В Париже бывают немые недели. Не с кем говорить, с консьержкой расходишься дежурной улыбкой, дежурным реверансом — с соседями, от случайных прохожих отделываешься невнятным бормотаньем — или недоуменно-чистым взглядом иностранки. В такие дни думаешь — скорей бы все кончилось, да, скорей бы все кончилось, постишься или обходишь стороной церкви, бесконечно кому-то пишешь, чувствуешь, что ты — в Париже! — закрывая глаза на то, что диван сломан и от этого болит спина, а в комнате снова бардак и невкусный холодный ужин на сковородке разогревается на завтрак.
Изображаю из себя беби-долл, аккуратно хожу по комнате: три шага — разворот — три шага. До смерти, как известно, четыре... мне везет с размерами: чуть-чуть не хватает. Значит, выживу. Тоскнота нескончонна, как говорят поляки. Тоска бесконечна. И Бог. И церковь. Тихое просветление.
О кашле: он редко, но метко. Так, что меня оглушает и выворачивает. В раковину, туалет на этаже, он закрыт. Когда приступ в метро, прижимаюсь к стенке. Люди старательно отводят глаза.
Через коридор поселились чехи. Они громко смеются и поздно возвращаются. Живут вдвоем в десяти метрах и счастливы. Я пишу диплом, редко выхожу из дома и кажусь себе очень разумной. Раз в три дня нападает суточный сон. Отрубаюсь на сутки. Потом просыпаюсь, перебираю виденные сны. Никого.
Часто думаю, что дома, в Москве, меня ждет мама. И Женя. И собака. Собаку зовут Пуся. А вот сейчас пришло в голову, что в Париже, лежа в темноте в монастырской тишине, в полном и изрядно надоевшем одиночестве, ругая себя за то, что все так сложилось, я не перебираю факты, не называю ничьих имен, не задаюсь глупыми вопросами, не мечтаю, чтобы кто-то оказался рядом — или хотя бы услышать голос, — я просто хочу объесться мандаринами.

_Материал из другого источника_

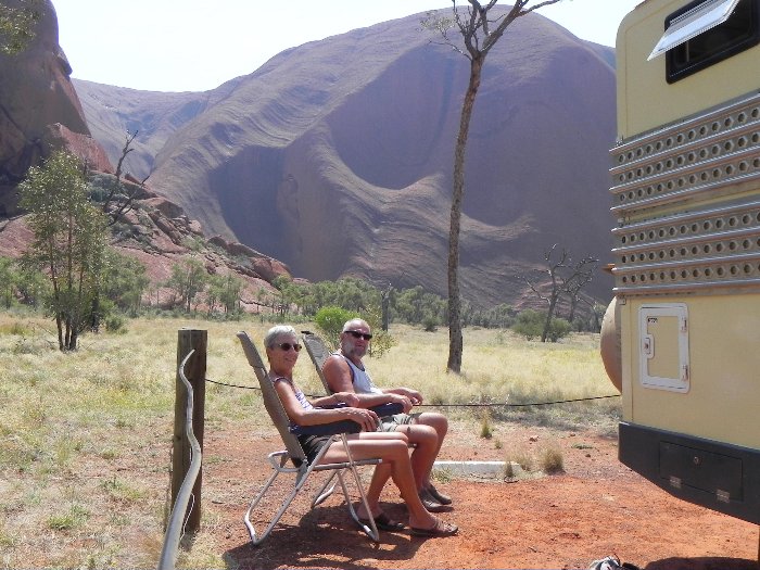 Parkplatz am Uluru-Umrundungs-Walk - Die Pause nach der Umrundung tut gut!

До боли в животе. Помогает, знаете ли.
На набережной, там, где Хем с женой выбирали рыбок, я выбирала собак.
Братца Пусиного узнала по лаю. Единственный вопил в голос и не давал спать соседу по аквариуму, бил его лапой и предлагал играть. Сосед не реагировал. Пусины лапы оставляли круглый отпечаток на стекле аквариума, когда он пытался его пробить. Нельзя ребельных собак запирать в прозрачные клетки. Было грустно, особенно когда глупые французские мамаши шикали и говорили: “Какой злой щенок!”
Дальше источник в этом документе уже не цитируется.